UNITED STATES
SECURITIES AND EXCHANGE COMMISSION
Washington, D.C. 20549
POST-EFFECTIVE AMENDMENT NO. 1 TO FORM S-8 REGISTRATION STATEMENT NO. 333-136484
POST-EFFECTIVE AMENDMENT NO. 1 TO FORM S-8 REGISTRATION STATEMENT NO. 333-96879
POST-EFFECTIVE AMENDMENT NO. 1 TO FORM S-8 REGISTRATION STATEMENT NO. 333-82353
POST-EFFECTIVE AMENDMENT NO. 1 TO FORM S-8 REGISTRATION STATEMENT NO. 333-06629
POST-EFFECTIVE AMENDMENT NO. 1 TO FORM S-8 REGISTRATION STATEMENT NO. 333-03683
POST-EFFECTIVE AMENDMENT NO. 1 TO FORM S-8 REGISTRATION STATEMENT NO. 033-53659
UNDER
THE SECURITIES ACT OF 1933
CABOT CORPORATION
(Exact Name of Registrant as Specified in Its Charter)
Delaware | 04-2271897 | |
(State or Other Jurisdiction of Incorporation) |
(I.R.S. Employer Identification No.) | |
Two Seaport Lane Suite 1300 Boston, MA |
02110 | |
(Address of Principal Executive Offices) | (Zip Code) |
1999 Equity Incentive Plan
1996 Equity Incentive Plan
Equity Incentive Plan
Non-Employee Directors Stock Compensation Plan
(Full Title of the Plan)
Brian A. Berube, Esq.
Senior Vice President and General Counsel
Two Seaport Lane
Suite 1300
Boston, MA 02210
(Name and address of agent for service)
617-345-0100
(Telephone number, including area code, of agent for service)
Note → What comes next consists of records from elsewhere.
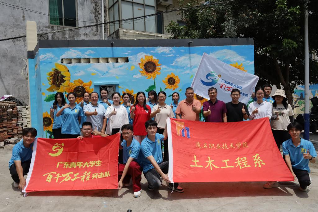 为积极响应广东青年大学生 “百千万工程”突击队行动的政策号召,茂名职业技术学院土木工程系组织建筑设计等专业师生成立“我是乡村绘画师”筑梦者实践队及“逆境中的暖阳2025”助学护航队,奔赴电白区高地街道墨胶社区后湾村等地,开展了为期五天的“三下乡”社会实践活动,以实际行动助力乡村发展。本次活动在杨木兰、陈小蓉、何悦宁三位老师的精心指导下,由陈楷东、何喜娣等 13 名同学积极投身参与。实践内容丰富多元,涵盖人居环境美化改造、文化创意与保育、乡村文化建设、海洋科学知识及海洋环境保护法普法宣传以及国家资助和助学贷款政策下乡行等多个方面。在实践活动中,师生团队用汗水浇灌梦想,用行动书写青春华章,为墨胶社区带来了丰富多彩的文化活动,收获了村民们满满的赞誉。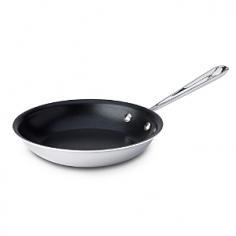 The All-Clad Stainless Steel Non-Stick Fry Pan - now you can have the same cookware favored by chefs worldwide, in your own kitchen! ; A kitchen staple in a variety of sizes, the fry pan is ideal for searing, browning and pan frying everything from eggs to meats. ; The pan features a flat bottom and flared sides that make tossing foods effortless, and allows for easy turning with a spatula. ; All-Clad is designed to distribute heat quickly and evenly, preventing hot spots and sticking. ; Shiny stainless steel exterior gives a professional appearance to cookware. ; Aluminum core assures fast heating and quick response to temperature changes. ; Nonstick 18/10 stainless steel interior retains heat evenly for fewer hot spots, and does not discolor, react with food, or alter flavors. ; Stainless steel handle is permanently secured with stainless steel rivets, and is ergonomically designed for safe handling and a confident grip. ; Suitable for all types of stove tops, including induction. ; Though the pan is nonstick, All-Clad recommends a little fat or oil during cooking for flavor development. ; All-Clad does not recommend any aerosol cooking spray on its nonstick cookware. ; Safe for use with nylon, coated or wooden utensils. ; Hand wash. ; Oven safe up to 500° F. Please do not use under broiler. ; Lifetime manufacturer's warranty. Complete manufacturer warranty information provided in product packaging. ; Dimensions: 8 diameter x 1.87 deep. ; Weight: 3 lbs. ; Made in the USA.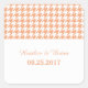 Simple yet elegant Houndstooth Wedding Stickers with a trendy orange and white houndstooth pattern background. Easy to customize with your wedding details. For more customization options, click on the Customize It button.
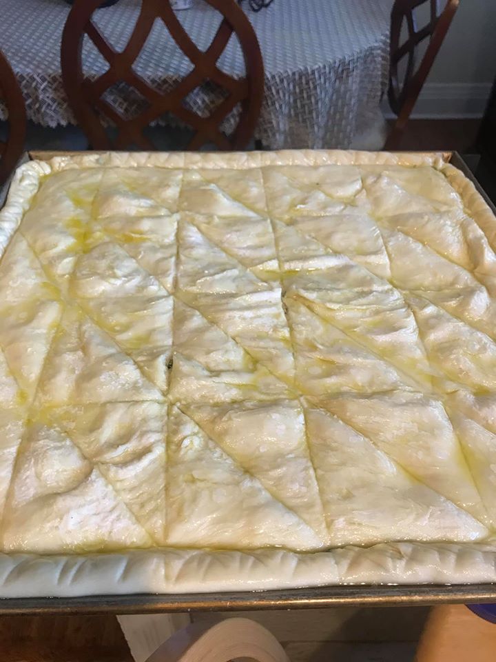 Αφού περάσει η ώρα ρίχνουμε αλεύρι στον πάγκο μας και ανοίγουμε το πρώτο φύλλο λίγο μεγαλύτερο από το ταψί μας ,λαδώνουνε το ταψί και το τοποθετούμε τη γέμιση το δεύτερο φύλλο και κάνουμε τον κοθρο γύρω .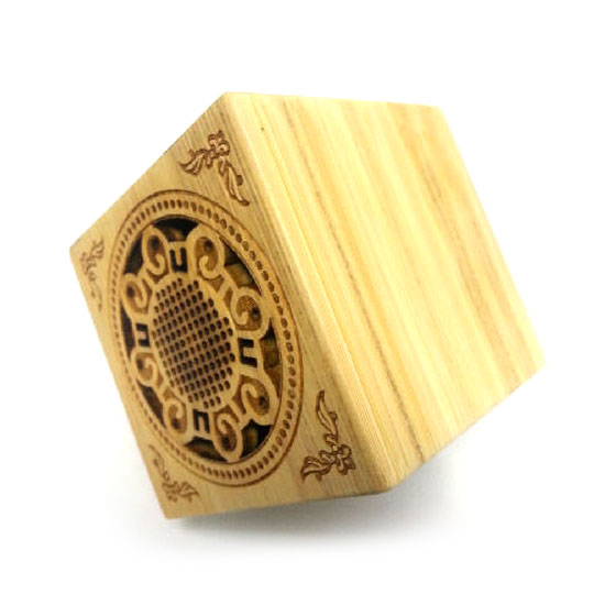 This is a wooden speaker that comes in a neat square shape. It is sturdily constructed for enhanced durability. This wooden speaker is an ideal choice for music lovers.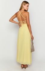 Radiate elegance and charm in our Arabelle Yellow Chiffon Lace-Up Maxi Dress - the perfect statement piece for weddings, proms, or formal celebrations! The soft chiffon fabric flows beautifully with every step, while the gathered bust and lace-up back add a delicate, romantic touch. Style it with gold jewellery, strappy heels, and a soft clutch for a graceful, sunshine-soaked look that’s sure to turn heads.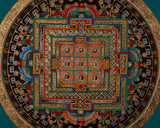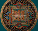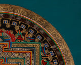 At the center of this mandala is the cosmic palace, which represents universal order and the enlightened mind. Concentric layers of elaborately etched sacred mantras radiate outward, forming a protective spiritual energy field. Each mantra syllable, imbued with ancient wisdom, functions as a vibrational key to achieving greater awareness and expanding one's connection to the divine.

Indicate by check mark whether the registrant is a large accelerated filer, an accelerated filer, a non-accelerated filer or a smaller reporting company. See definition of accelerated filer, large accelerated filer and smaller reporting company in Rule 12b-2 of the Exchange Act. (Check one):
Large accelerated filer | x | Accelerated filer | ¨ | |||
Non-accelerated filer | ¨ (Do not check if a smaller reporting company) | Smaller Reporting Company | ¨ |
DEREGISTRATION OF SECURITIES
Cabot Corporation (the Registrant) is filing this Post-Effective to each of the below Registration Statements on Form S-8 (collectively, the Registration Statements) to deregister any and all securities previously registered under the Registration Statement that remain unsold as of the date hereof and to terminate the effectiveness of the Registration Statements. The shares are being deregistered and the Registration Statements are being terminated because the plans referenced below have expired or been terminated.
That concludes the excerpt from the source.